If the rest of the auto manufacturers could work out how to sell online properly they’d make more money and we’d be paying less for our cars. We’d be happier, too – surveys show that car buyers find the experience of visiting dealerships boring, confrontational and bureaucratic.
GET THE FACTS
Why the hold up?
of car buyers
say their main concern about purchasing a car online is not being able to see the car/take it out on a test drive.
Reevoo research, 2017
Brands in other industries, like ASOS, have found clever ways to ease this concern. Car brands need to go the extra mile for online purchasers.
So, what’s the solution?
If car manufacturers want to sell cars online successfully, they need to find a way to merge both physical and digital channels. To do that, they should look to other industries for inspiration.
Online retailers like ASOS have already shown that it’s possible to sustain a model whereby customers try piles of product and send back what they don’t like. Is it out of the realms of possibility that a new car appears outside your flat after you book a test drive online and maybe put down a safety deposit? Augmented and virtual reality technologies have advanced to the point where virtual test drives could be a satisfactory ‘teaser’.
The issue of price
While the haggle is a source of anxiety for most, its absence is a deal breaker for 37% of consumers.
For sure, a manufacturer will be a lot less likely to be flexible on price than a dealer. This might mean a cultural shift in the way we buy cars and the removal of the haggling process. But the extra flexibility in car customisation could allow a customer to opt to forgo a few luxuries or features for a cheaper price. Dealers who move online can still make negotiations via a phone call or live chat – but both manufacturers and dealers need to be fully transparent to reassure customers they’re getting the best price possible.
However, before they rip out their whole systems, there are things brands can do to capture the feeling of owning a car on their digital assets.
The power of a recommendation
User-generated content (UGC) is a great way to show potential customers what life is like after purchasing a particular car.
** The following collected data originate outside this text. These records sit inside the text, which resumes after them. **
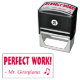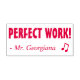 This fun rubber stamp design features the motivating message "PERFECT WORK!" and a customised educator's name. It also features a decorative musical note. It could be used by a teacher or educator when marking assignments, to acknowledge that the student has done well.
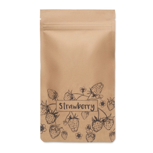 Strawberry growing kit including garden compost in a paper packaging. Made in EU.
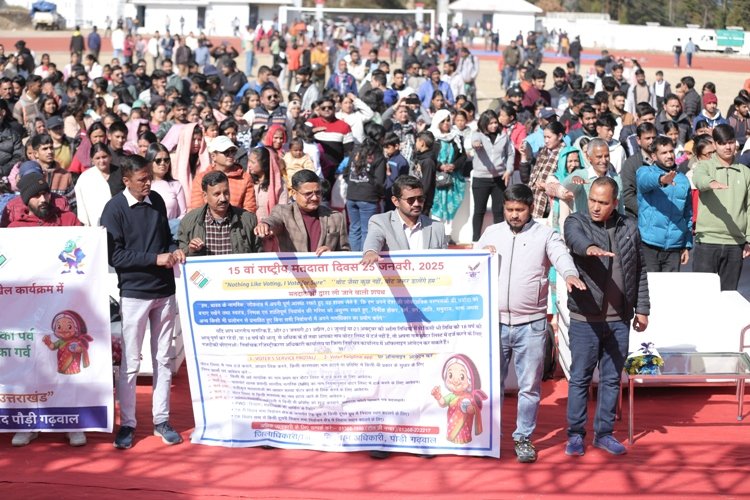 पौड़ी : 38वें राष्ट्रीय खेल के शुभंकर मौली व मशाल तेजस्विनी मुख्यालय पौड़ी पहुंचने पर भव्य स्वागत किया गया। इस दौरान शहर में मौली व मशाल की रैली के साथ-साथ मतदाता जन जागरुकता रैली भी निकाली गई। जिला निर्वाचन अधिकारी व जिलाधिकारी डॉ. आशीष चौहान ने एजेंसी चौक से मतदाता रैली को रवाना किया। इस दौरान मतदाता जन जागरूकता रैली एजेंसी चौक से बस अड्डा, धारा रोड़, अपर बाजार से रांसी स्टेडियम पहुंची। रैली में शामिल विभिन्न विभागों के अधिकारी, स्कूली छात्र-छात्राएं व स्थानीय लोगों ने आने वाले चुनावों में अधिक से अधिक मतदान हो इसके लिए लोगों को जागरूक किया। जिला निर्वाचन अधिकारी ने रांसी स्टेडियम में निर्वाचन विभाग के तत्वाधान में सभी निर्वाचनों के साथ ही आगामी चुनावों में अपने मतदान का उपयोग करने की शपथ दिलाई। उन्होंने कहा कि आगामी चुनावों में अधिक से अधिक मतदान हो इसके लिए स्वयं व अन्य लोगों को भी जागरूक करें।
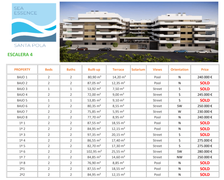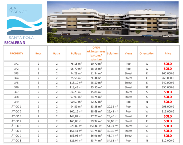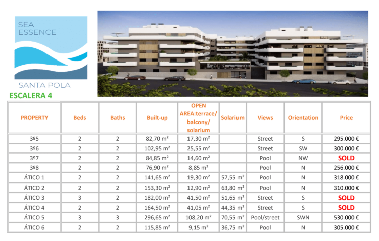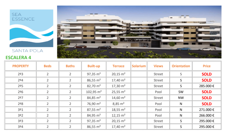 Sea Essence is a new development in Santa Pola, with all the benefits of living in the city center with shops, restaurants and bars at walking distance.
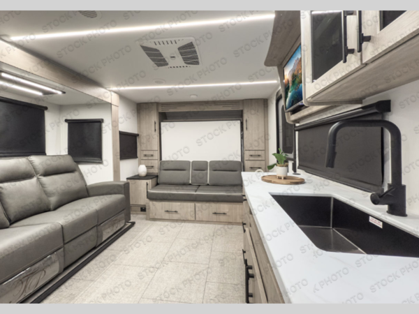 The Murphy bed is the eye-catching feature on this Imagine XLS travel trailer! Not only can it fold away in the morning to reveal a sofa for lounging, but it will also provide you with drawer storage under the sofa. Another functional feature is the theater dinette with a removable table in front, or you can choose the optional U-shaped dinette if you like to gather around for game night. It rests on the single slide so that there is more floor space, and it offers you great comfort while you dine across from the LED HDTV. A full bathroom will keep you clean and fresh with its residential walk-in shower, skylight, linen closet, vanity, toilet, and power vent fan.
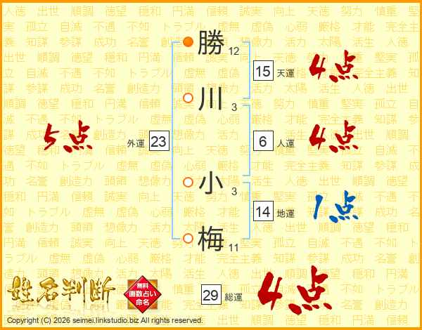 勝川小梅さんの総運は29画の4点!

Reviews from real car owners give prospects the confidence to make the leap and buy. Earlier in the purchase journey, it’s pictures and stories about memorable road trips or moments in the car that might get a curious car buyer’s attention. Asking customers to send in content also solidifies their connection to the brand.
Whatever happens in the future, dealerships and manufacturers need each other – for now at least.
But to avoid the industry being taken over by tech companies, they’ll need to evolve, and evolve fast. Not just for themselves, but for the good of the consumer.